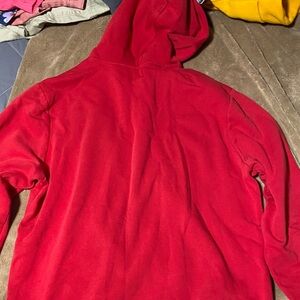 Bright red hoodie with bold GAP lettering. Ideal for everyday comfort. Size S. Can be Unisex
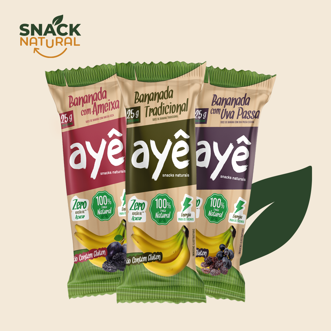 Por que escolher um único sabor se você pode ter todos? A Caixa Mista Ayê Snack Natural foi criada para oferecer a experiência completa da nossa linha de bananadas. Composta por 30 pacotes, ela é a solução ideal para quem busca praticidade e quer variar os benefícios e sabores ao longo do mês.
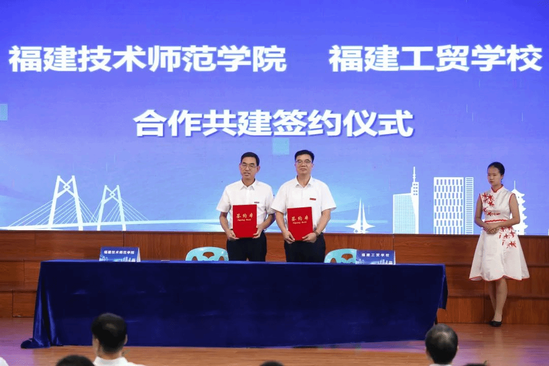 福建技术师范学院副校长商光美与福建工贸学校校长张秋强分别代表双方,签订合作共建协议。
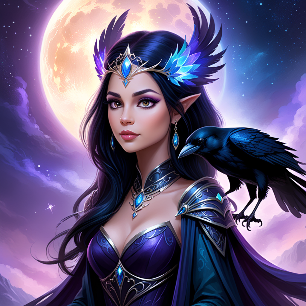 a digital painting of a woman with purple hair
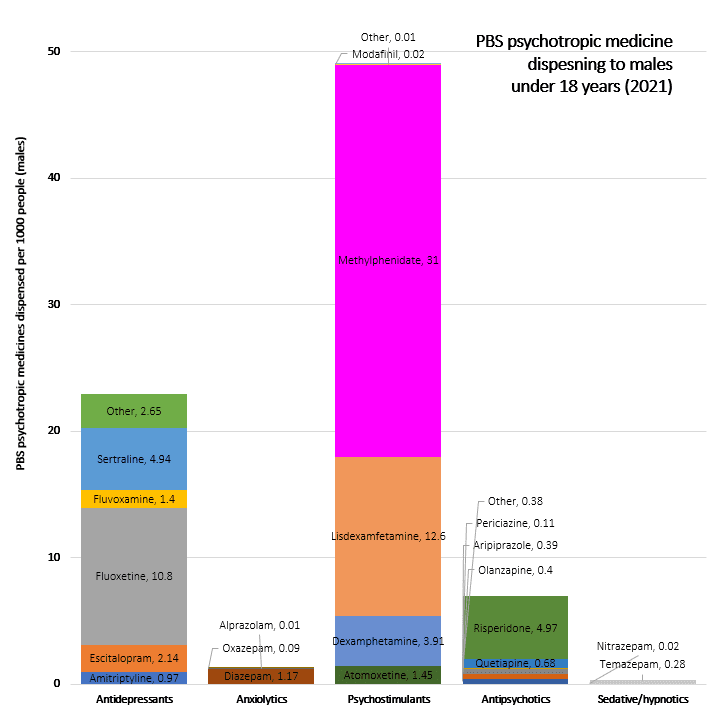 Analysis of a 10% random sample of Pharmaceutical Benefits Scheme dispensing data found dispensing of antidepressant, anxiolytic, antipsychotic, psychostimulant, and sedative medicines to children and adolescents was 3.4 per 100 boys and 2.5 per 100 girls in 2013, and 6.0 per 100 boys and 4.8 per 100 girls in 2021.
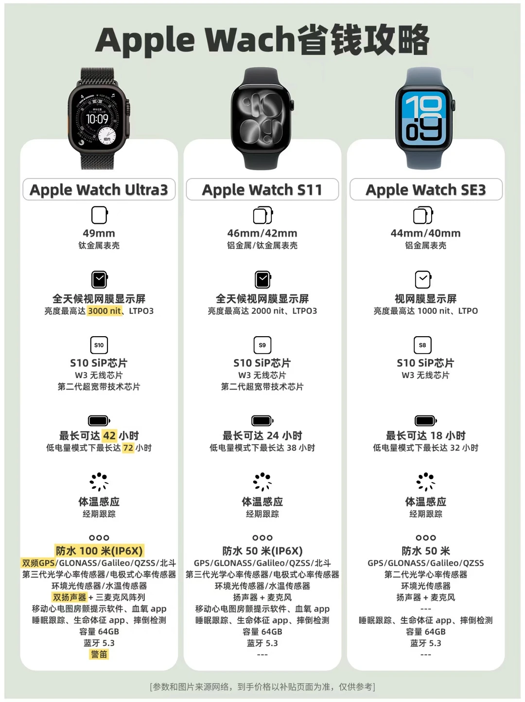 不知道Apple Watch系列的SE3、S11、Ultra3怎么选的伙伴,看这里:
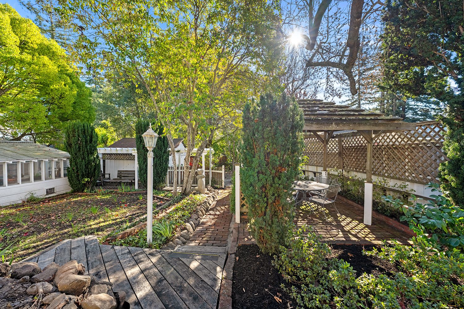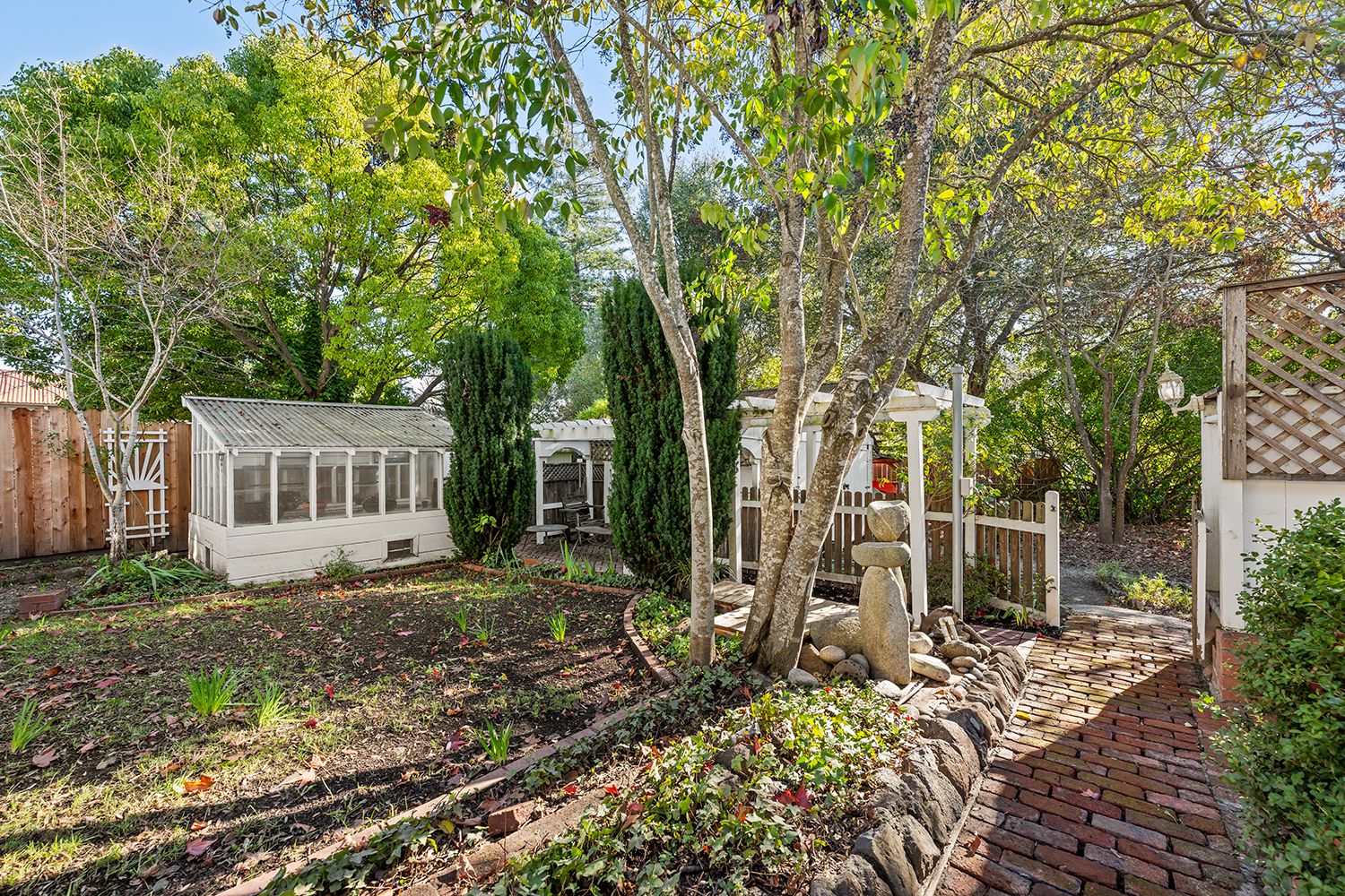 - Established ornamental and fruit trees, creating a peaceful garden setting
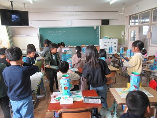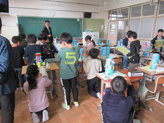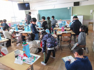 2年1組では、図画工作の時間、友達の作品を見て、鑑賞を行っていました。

● ● ● ● ● ● ●

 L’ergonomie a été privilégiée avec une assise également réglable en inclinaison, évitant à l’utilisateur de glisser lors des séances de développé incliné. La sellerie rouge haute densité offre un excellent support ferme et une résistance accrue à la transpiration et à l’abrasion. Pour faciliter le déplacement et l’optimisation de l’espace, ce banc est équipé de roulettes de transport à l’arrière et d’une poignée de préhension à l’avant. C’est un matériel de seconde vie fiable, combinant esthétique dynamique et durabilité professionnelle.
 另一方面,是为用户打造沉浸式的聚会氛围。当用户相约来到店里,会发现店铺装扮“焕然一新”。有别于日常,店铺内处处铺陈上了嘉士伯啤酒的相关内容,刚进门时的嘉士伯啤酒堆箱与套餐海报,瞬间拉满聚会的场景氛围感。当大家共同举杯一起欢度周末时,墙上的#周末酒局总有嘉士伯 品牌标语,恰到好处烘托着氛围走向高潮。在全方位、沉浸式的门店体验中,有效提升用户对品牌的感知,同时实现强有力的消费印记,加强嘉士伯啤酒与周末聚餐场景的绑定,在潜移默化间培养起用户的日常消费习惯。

● ● ● ● ● ● ●

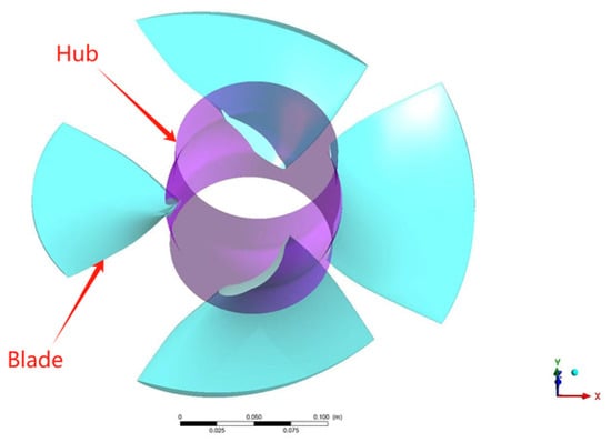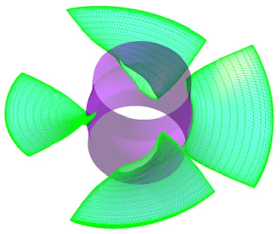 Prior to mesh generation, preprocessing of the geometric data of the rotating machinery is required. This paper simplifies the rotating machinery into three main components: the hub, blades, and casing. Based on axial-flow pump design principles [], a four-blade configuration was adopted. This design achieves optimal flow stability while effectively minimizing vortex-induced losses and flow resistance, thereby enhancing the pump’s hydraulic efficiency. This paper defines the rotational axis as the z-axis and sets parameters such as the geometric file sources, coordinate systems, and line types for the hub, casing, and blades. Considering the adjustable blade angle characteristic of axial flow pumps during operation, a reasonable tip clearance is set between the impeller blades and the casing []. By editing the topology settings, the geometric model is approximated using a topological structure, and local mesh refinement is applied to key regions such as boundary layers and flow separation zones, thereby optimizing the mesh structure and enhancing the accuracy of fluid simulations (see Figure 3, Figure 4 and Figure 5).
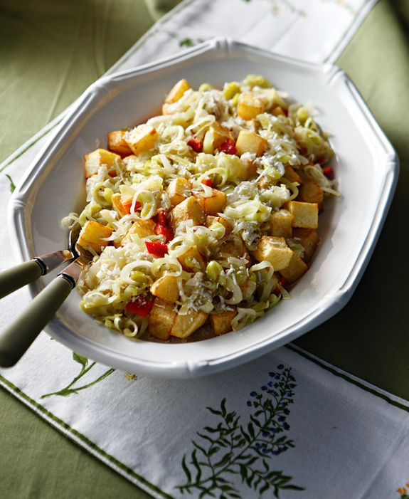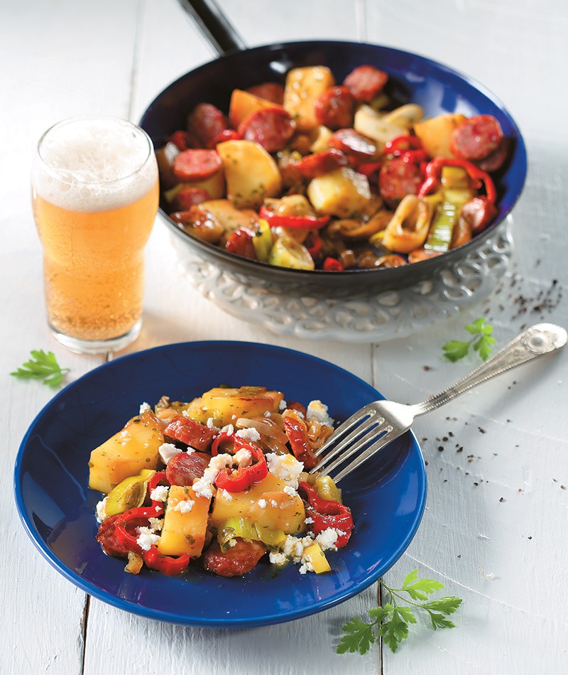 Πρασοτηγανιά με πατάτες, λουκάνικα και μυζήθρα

● ● ● ● ● ● ●

Going by the entries above, repeat exactly the lines that start at the line with "Bright red hoodie" and go on through the line with "2年1組では、図画工作の時間、友達の作品を見て、鑑賞を行っていました。". Pictures are not part of the copy.

Answer for the task:
 Bright red hoodie with bold GAP lettering. Ideal for everyday comfort. Size S. Can be Unisex
 Por que escolher um único sabor se você pode ter todos? A Caixa Mista Ayê Snack Natural foi criada para oferecer a experiência completa da nossa linha de bananadas. Composta por 30 pacotes, ela é a solução ideal para quem busca praticidade e quer variar os benefícios e sabores ao longo do mês.
 福建技术师范学院副校长商光美与福建工贸学校校长张秋强分别代表双方,签订合作共建协议。
 a digital painting of a woman with purple hair
 Analysis of a 10% random sample of Pharmaceutical Benefits Scheme dispensing data found dispensing of antidepressant, anxiolytic, antipsychotic, psychostimulant, and sedative medicines to children and adolescents was 3.4 per 100 boys and 2.5 per 100 girls in 2013, and 6.0 per 100 boys and 4.8 per 100 girls in 2021.
 不知道Apple Watch系列的SE3、S11、Ultra3怎么选的伙伴,看这里:
 - Established ornamental and fruit trees, creating a peaceful garden setting
 2年1組では、図画工作の時間、友達の作品を見て、鑑賞を行っていました。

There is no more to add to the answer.